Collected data
════════════════════

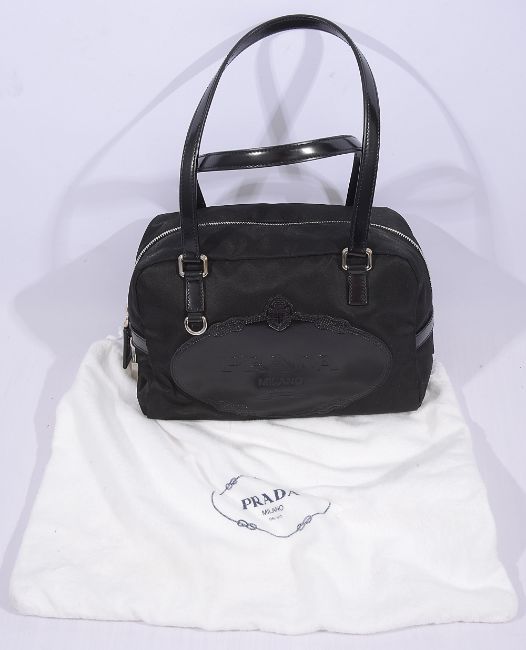 nylon body with leather handles and trim, top handle zip closure with silver toned padlock, interior with Prada logo lining and large zip pocket together with Prada dust bag and Authenticity Card from Florence dated August 2007,
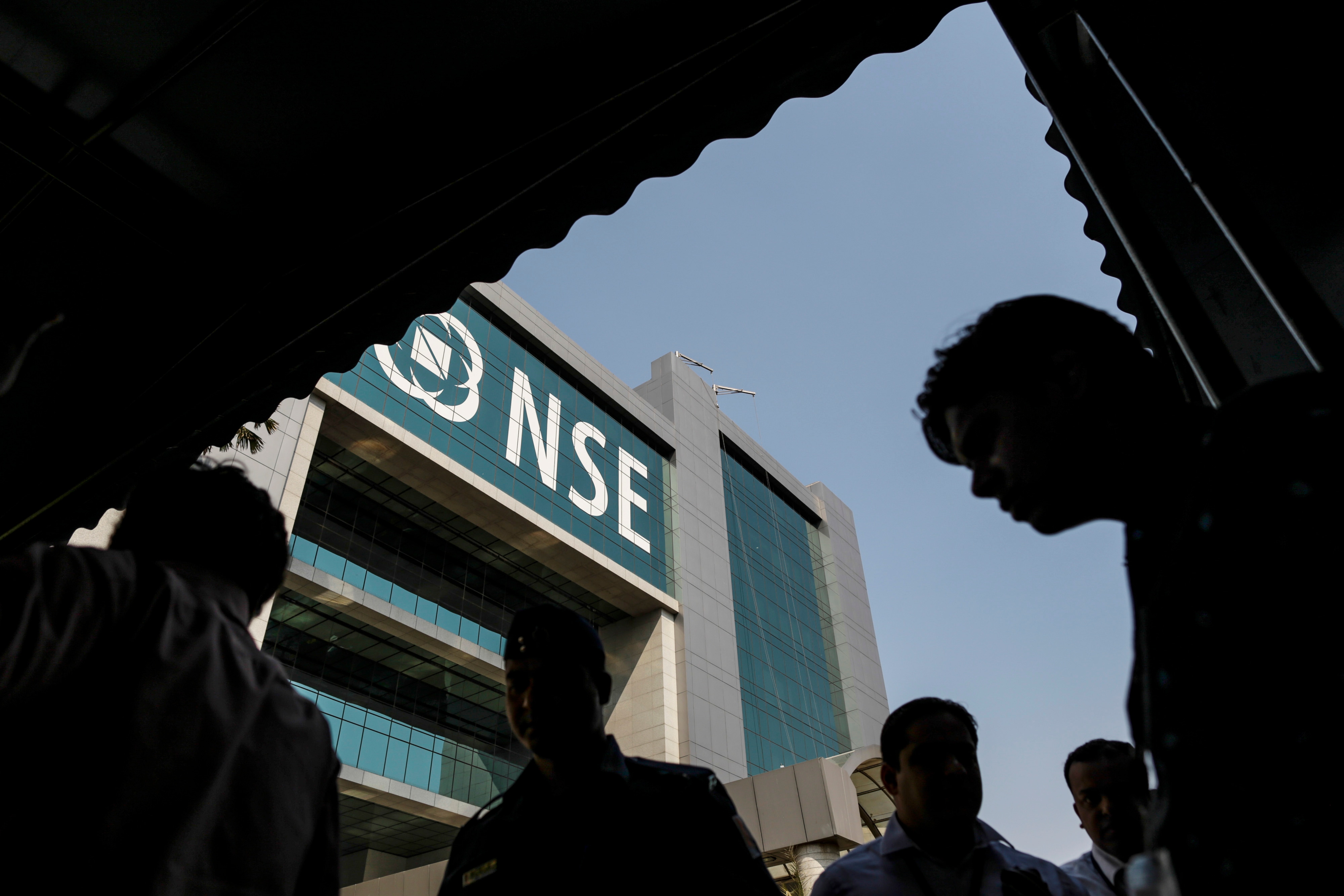 Employees pass though a security check at the National Stock Exchange (NSE) in Mumbai, India (Photographer: Dhiraj Singh/Bloomberg)
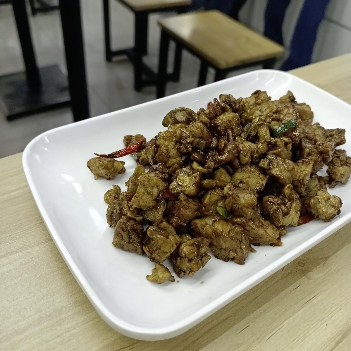 Looking like fried carrot cake from afar, only nutritionally richer with #soy on #soya winning combo, namely #tempeh wokked with taoco 豆瓣酱 (fermented #soybeanpaste ). Salty though
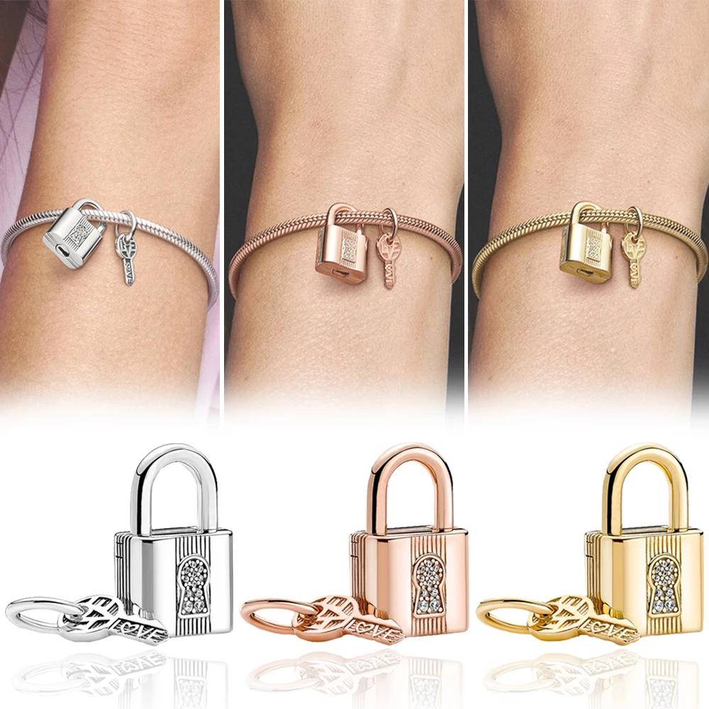 Новый замок ключ шарм 925 стерлингового серебра оригинальный браслет шарм бусины для женщин ювелирные изделия подарки
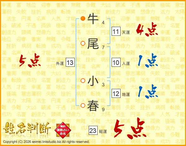 牛尾小春さんの総運は23画の5点!
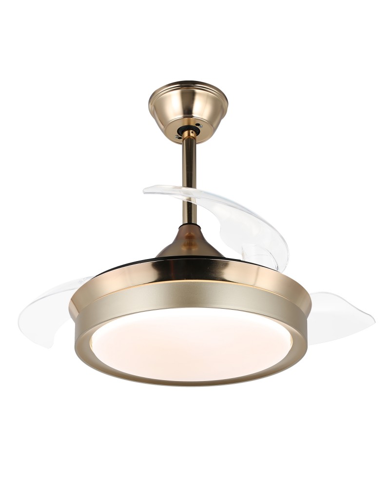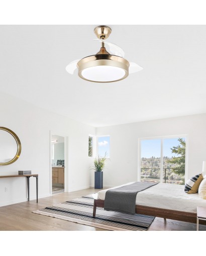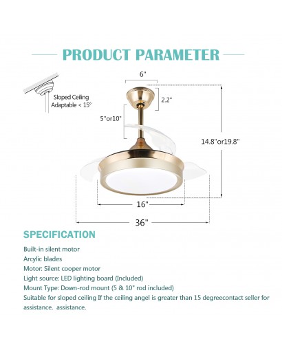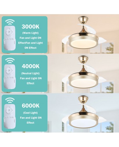 Enjoy a fresh breeze with this contemporary ceiling fan. This modern ceiling fan features retractable blades that save space and don't trap dust for easy cleaning. The blades automatically extend when you turn on the fan, and retract when the fan is turned off. Includes integrated LED lights to help provide ambient lighting and save on electricity bills. 3-speed motor and CCT dimming, giving you a quiet and comfortable living environment. This ceiling fan is perfect for living room, bedroom, kitchen, dining room, and more.
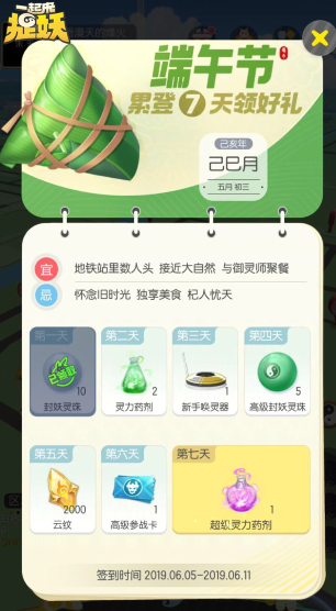一起来捉妖端午节累计登录礼包怎么获得?端午节来临之际,一起来捉妖为玩家们准备了累登7天领好礼活动,想要获取新手唤灵器、云纹、超级灵力药剂等奖励的玩家们可不要错过了哦!一起来捉妖端午节累计登录礼包领取时间:6.5-6.11领取地址:游戏内--活动页面--端午节登

════════════════════

● WHAT THE TASK REQUIRES: Every line from the one with "Employees pass though" through the one with "牛尾小春さんの総運は23画の5点!" is to be reproduced exactly as written above, and the pictures are to be dropped.

● RESPONSE TO THE EXERCISE:
 Employees pass though a security check at the National Stock Exchange (NSE) in Mumbai, India (Photographer: Dhiraj Singh/Bloomberg)
 Looking like fried carrot cake from afar, only nutritionally richer with #soy on #soya winning combo, namely #tempeh wokked with taoco 豆瓣酱 (fermented #soybeanpaste ). Salty though
 Новый замок ключ шарм 925 стерлингового серебра оригинальный браслет шарм бусины для женщин ювелирные изделия подарки
 牛尾小春さんの総運は23画の5点!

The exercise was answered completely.